The cartridge 11 (figure 5) consists of an inner sleeve 12 of a waterproof material and an outer sleeve 13 of a permeable material, for example, woven polypropylene. Explosives 1, 2 are placed in the inner sleeve and hermetically isolated from each other by wire clips 14 or in any other way with the formation of individual elements. Cartridges are filled by free filling without additional compaction (prepressing) of explosives, which reduces the cost and complexity of their manufacture. The ends of the sleeves are collected in a “forelock” 15, clipped or sealed in any other way 16. The elements of the cartridge can be made of granular, powder, water-containing, emulsion explosives, or any combination thereof.
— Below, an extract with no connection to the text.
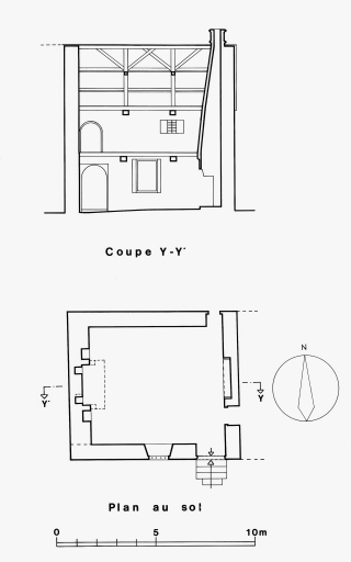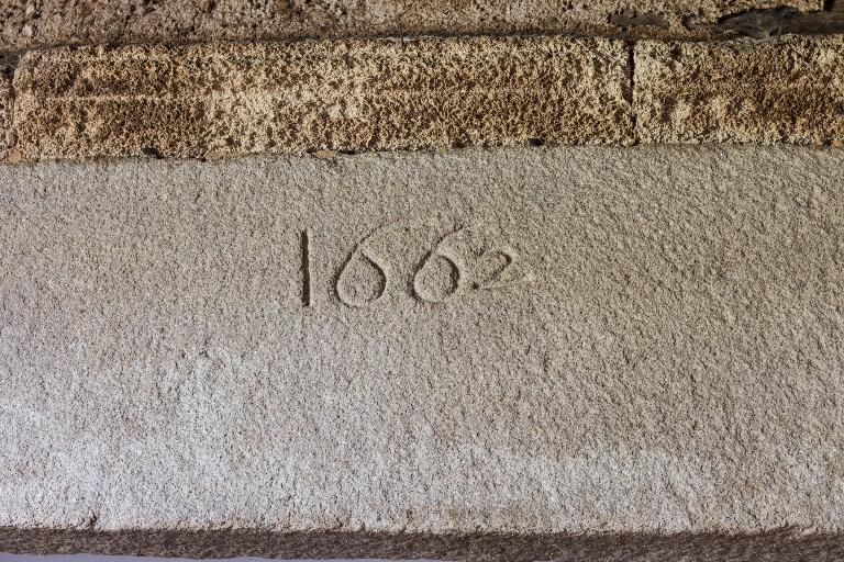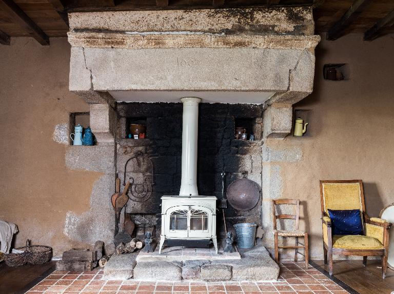 Situé en écart par rapport à la voie et bâti sur un plan carré, cet ancien corps de ferme de la fin 17e siècle se compose d’un rez-de-chaussée, d’un étage et de comble. Elle est construite en beauge (terre), en pierre de taille et moellon de granite ainsi qu’en calcaire. La façade principale, orientée sud, est percée par sept ouvertures : trois en rez-de-chaussée dont une fenêtre rectangulaire, une porte avec un linteau formant un arc en plein cintre et une porte rectangulaire ; trois à l’étage dont un jour doté de grille, une gerbière à arc en plein cintre et une gerbière rectangulaire ; une petite lucarne au niveau des combles. La partie nord du bâtiment comporte une corniche à modillons en pierre calcaire. Le toit est à longs pans avec pignon couvert et sa couverture est en ardoises fixées aux crochet ; le faîtage est constitué de tuiles à crête en embarrure. Le pignon ouest soutient une souche de cheminée en pierres de taille de granite sur laquelle on observe la date portée de 1662. À l’intérieur se trouve un escalier, une armoire mural (vaisselier sans évier) et une cheminée monumentale.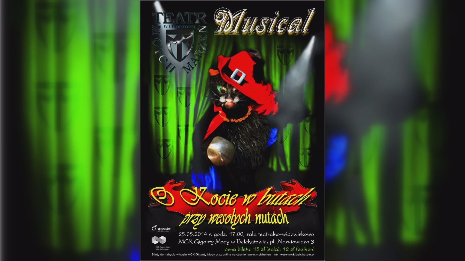 Natomiast 25.05.2014 o godz. 17:00, w sali teatralno-widowiskowej MCK Giganty Mocy będzie można obejrzeć barwny musical „O kocie w butach przy wesołych nutach” Spektakl muzyczny w wykonaniu Teatru Moich Marzeń z Chorzowa to barwna opowieść o Adamie i jego niezwykłym kocie, który nie dość, że potrafi mówić to jeszcze pragnie spełnić marzenie swojego opiekuna i pomóc mu zdobyć serce pięknej królewny Leny.

When using two polymer sleeves as a two-layer shell, the cartridge can be made in several ways:

- one of the ends of the two-layer sleeve is assembled into a “forelock”, sealed by any known method, then the sleeve is filled with one of the explosives, pressed with wire or another way to form an explosive element, then the two-layer sleeve is filled with another explosive (element of the second explosive), the second end is assembled into a “forelock” and sealed in any way;

- one of the ends of the inner sleeve is assembled into a “forelock”, clipped or sealed in any way, the sleeve is turned inside out, inserted into the outer sleeve, the inner sleeve is filled with explosives alternately to form elements, then the second end of the inner sleeve can be assembled into a “forelock” and tied separately or the ends of the inner and outer sleeves are assembled together and sealed;

- the end face of the outer sleeve is clipped, filled one by one with prefabricated sealed elements (packages) with explosives to a height equal to the height of the combined charge column.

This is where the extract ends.